* _Exercise description_:
The required output is an exact copy of the lines from the one containing "このような回答にも関わらず、" through the end of the entries below, with pictures removed.

* _The input_:
▼▼▼
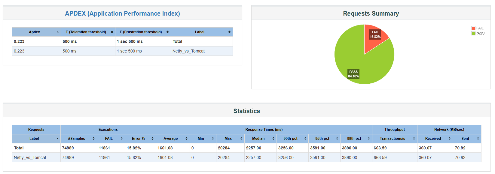 summary = 74989 in 00:02:03 = 608.9/s Avg: 1601 Min: 0 Max: 20284 Err: 11861 (15.82%)
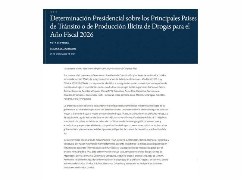 La designación fue emitida por el presidente Donald Trump, en virtud de la autoridad que le confieren la Constitución y las leyes estadounidenses, específicamente la sección 706(1) de la Ley de Autorización de Relaciones Exteriores (FRAA). El comunicado aclara que la inclusión en esta lista no implica necesariamente una falta de cooperación ni descalifica los esfuerzos nacionales en la lucha contra el narcotráfico.
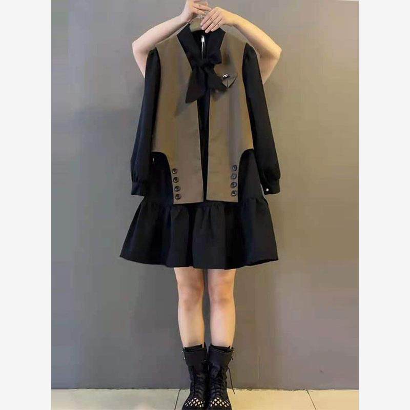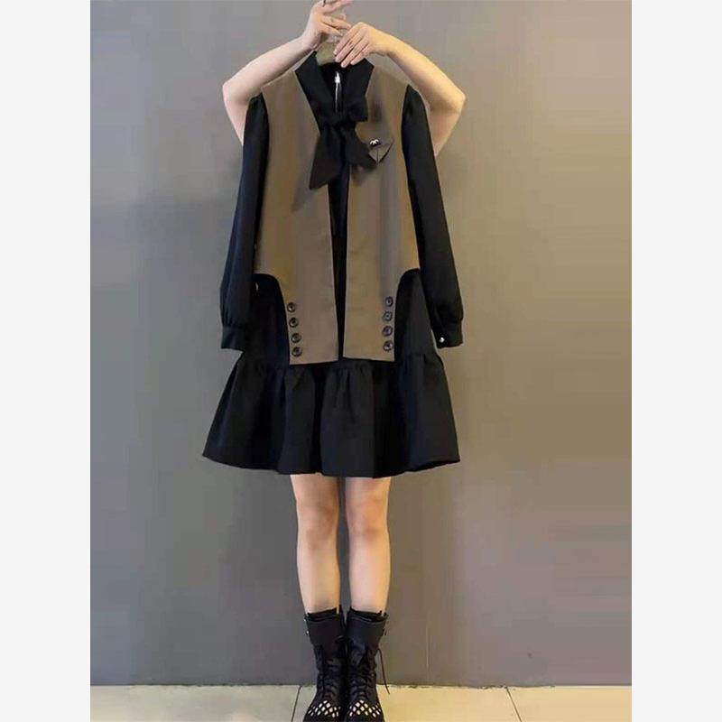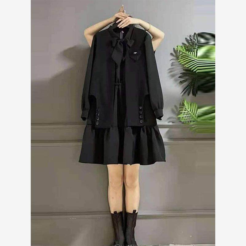 胖姐姐2025秋季新加码女装腹部覆盖瘦身西装背心连衣裙时尚两件套
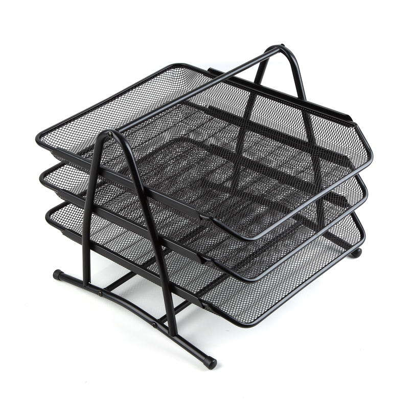 齐心 B2163 耐用铁网文件盘 三层 黑色
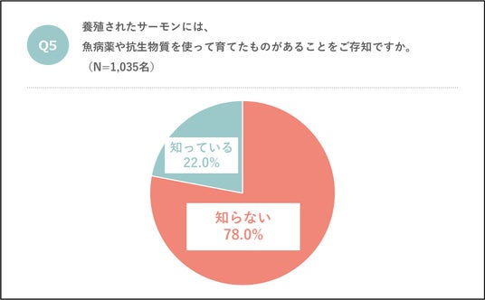 このような回答にも関わらず、7割以上の人が「養殖されたサーモンには、魚病薬や抗生物質を使って育てたものがある」ことを知らないと回答(78.0%)。多くの人が養殖における現状を把握していない状況にあるようです。
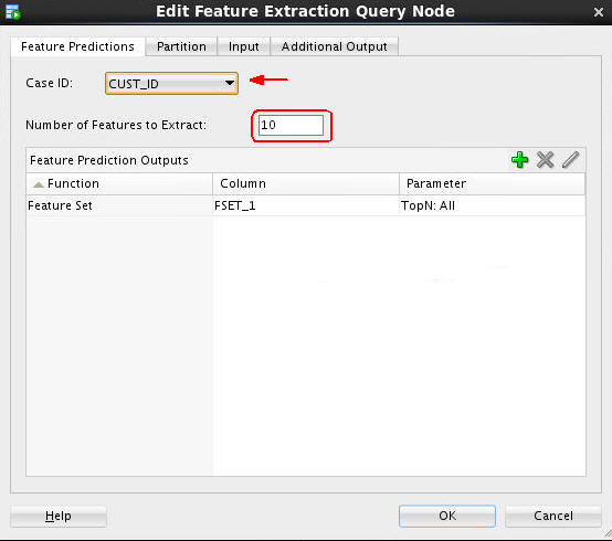 Double-click the Feature Extraction Query node to open the Edit Feature Extraction Query Node window. Then, perform the following on the Predictions tab:
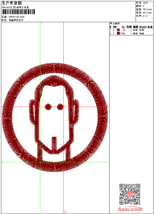 - 版带文件需绣花软件方可打开,可配色打印导出各种格式或直接上机绣。如无绣花软件可下载1:1模拟效果图。
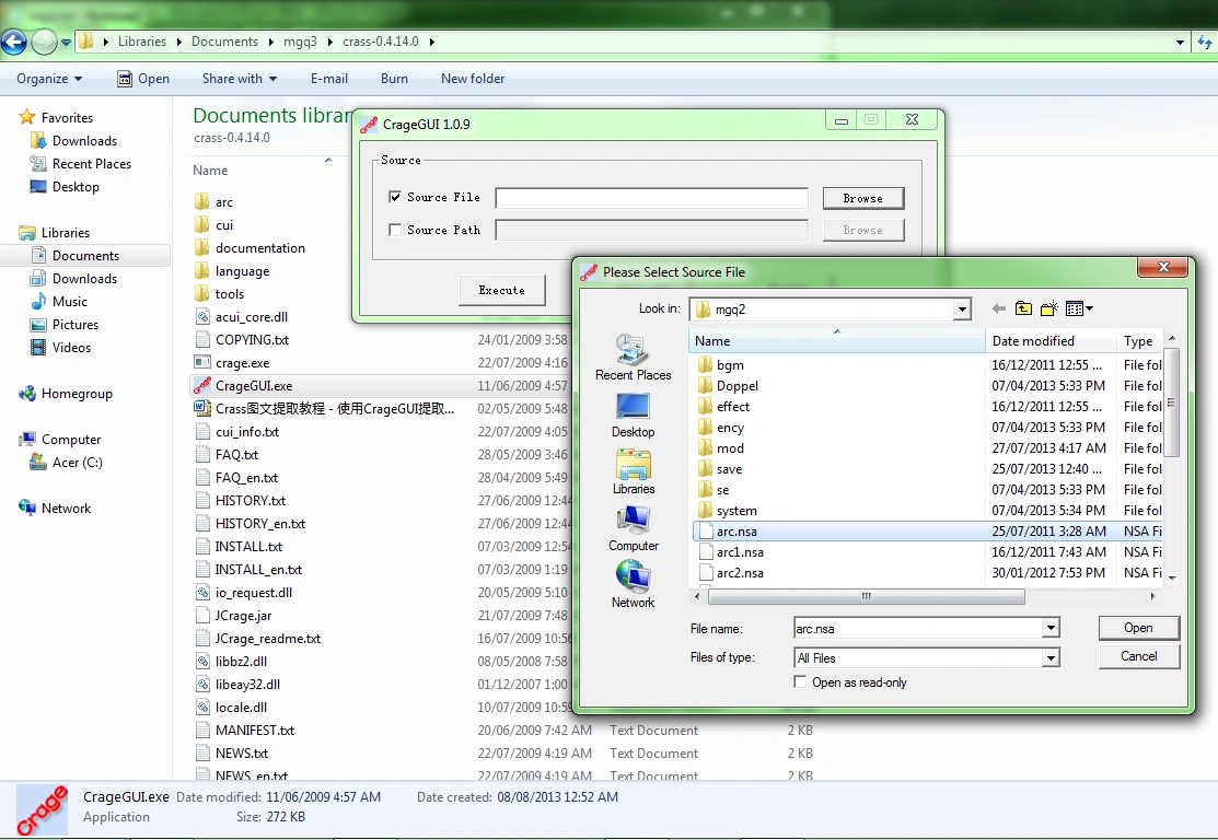First, extract the crass-0.4.14.0 folder from the .7z file and save it anywhere on your hard drive. Open "CrageGUI.exe". Select "Source file" and browse for the .nsa file which you wish to extract.
▲▲▲
* _Response_:
 このような回答にも関わらず、7割以上の人が「養殖されたサーモンには、魚病薬や抗生物質を使って育てたものがある」ことを知らないと回答(78.0%)。多くの人が養殖における現状を把握していない状況にあるようです。
 Double-click the Feature Extraction Query node to open the Edit Feature Extraction Query Node window. Then, perform the following on the Predictions tab:
 - 版带文件需绣花软件方可打开,可配色打印导出各种格式或直接上机绣。如无绣花软件可下载1:1模拟效果图。
First, extract the crass-0.4.14.0 folder from the .7z file and save it anywhere on your hard drive. Open "CrageGUI.exe". Select "Source file" and browse for the .nsa file which you wish to extract.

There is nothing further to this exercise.